"Eu te falei que iria, não te falei? Tu
ficaste lá fazendo caras e bocas, ironizando para eu descer do carro e
acreditando que eu jamais desceria. Até hoje, eu sinto saudade daquelas
sandálias que eu deixei junto ao tapete do teu carro importado. Fiz
contas de cabeça depois que eu saí a pé de lá e cheguei à conclusão:
naquele momento era só o que te importava. Tua mania de achar que tudo
era comprável confundiu-se em achar que eu também era uma peça. Até que,
no final das contas, me considero uma. Mas não me vendo por pouco. Só
aceito à vista! A vista de alguém tocando violão e namorando os meus
olhos, colocando minhas meias em dias frios, aliando-se à minha mãe para
falar das minhas crises de sonambulismo.
Tu mandaste eu ir me tratar e eu fui.
Tratei de viajar, fazer novas amizades, pedalar sem rumo e terminar de
ler aquele livro que tu me deste quando as coisas ainda eram boas entre
nós. No final da história o namorado da guria morre. Sim. Eu sei que era
evidente porque ele tinha câncer e ela também. Mas o mais surpreendente
foi eu pensar que eles iriam morrer juntos. Quem morreu foi ele. A
guria ficou uns meses apanhando de tamanca da saudade, mas depois voltou
a viver novamente, a sorrir com os olhos e sobreviver com as lembranças
no bolso. Cheguei até pensar que foi deboche teu me dar aquele livro.
John Green escreveu a nossa história por linhas tortas. E sabe o que é
pior? A gente havia prometido que nunca nos deixaríamos.

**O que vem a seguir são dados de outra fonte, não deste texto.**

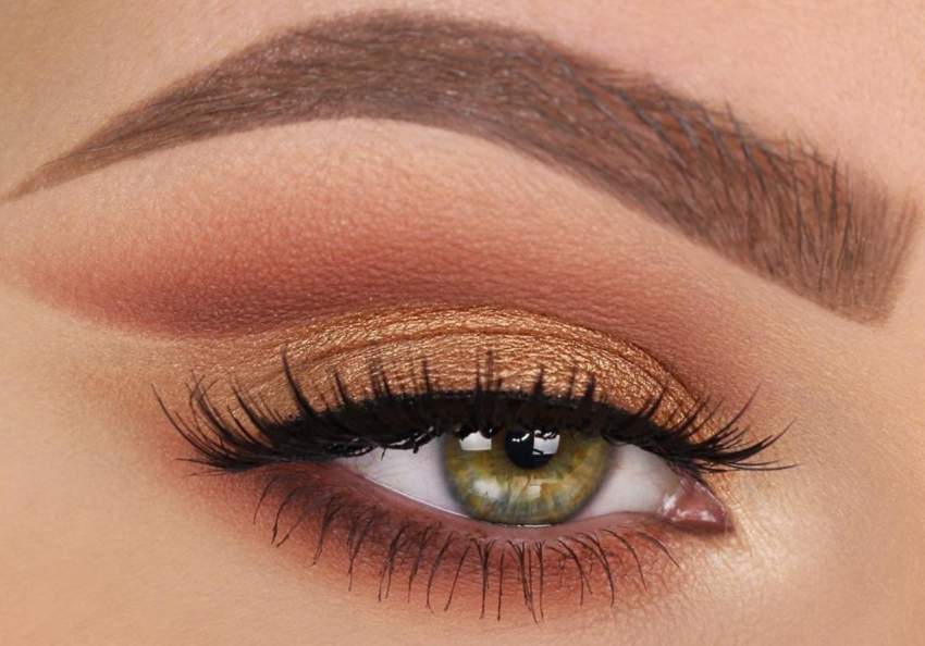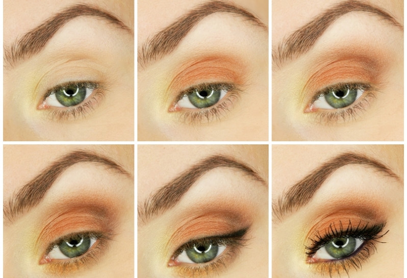 - Подвижное веко выделяем золотистым, а складку – оранжево-коричневым тоном. Нижнее веко следует прокрасить шоколадными тенями, растушевав их.

Que casaríamos
no campo e teríamos um piá chamado Bernardo. Havíamos. Na verdade, eu
acho que foi até melhor, sabe? Aquela tua mãe com aqueles incensos
loucos, a fumaça do teu cigarro matando os meus pulmões a chineladas e a
tua mania irritante de buzinar ininterruptamente após duas horas de
atraso em frente à minha casa. Já tive saudade, hoje é só lembrança.
Exatamente como o teu rosto fúnebre passando naquele carro que um dia já
foi nossa casa. Teu sorriso que um dia foi meu, hoje fica aí, pela
noite, tentando encontrar o brilho que um dia tivesse. Somos agora meros
desconhecidos que, lá trás, dividiram a mesma escova. Espero que, com o
vazio do teu banco carona, tenhas aprendido que o essencial não é a
velocidade do deslocamento e sim a intensidade da companhia que torna as
viagens mais duradouras. Amor, eu já fui. Tô lá. Tô sendo."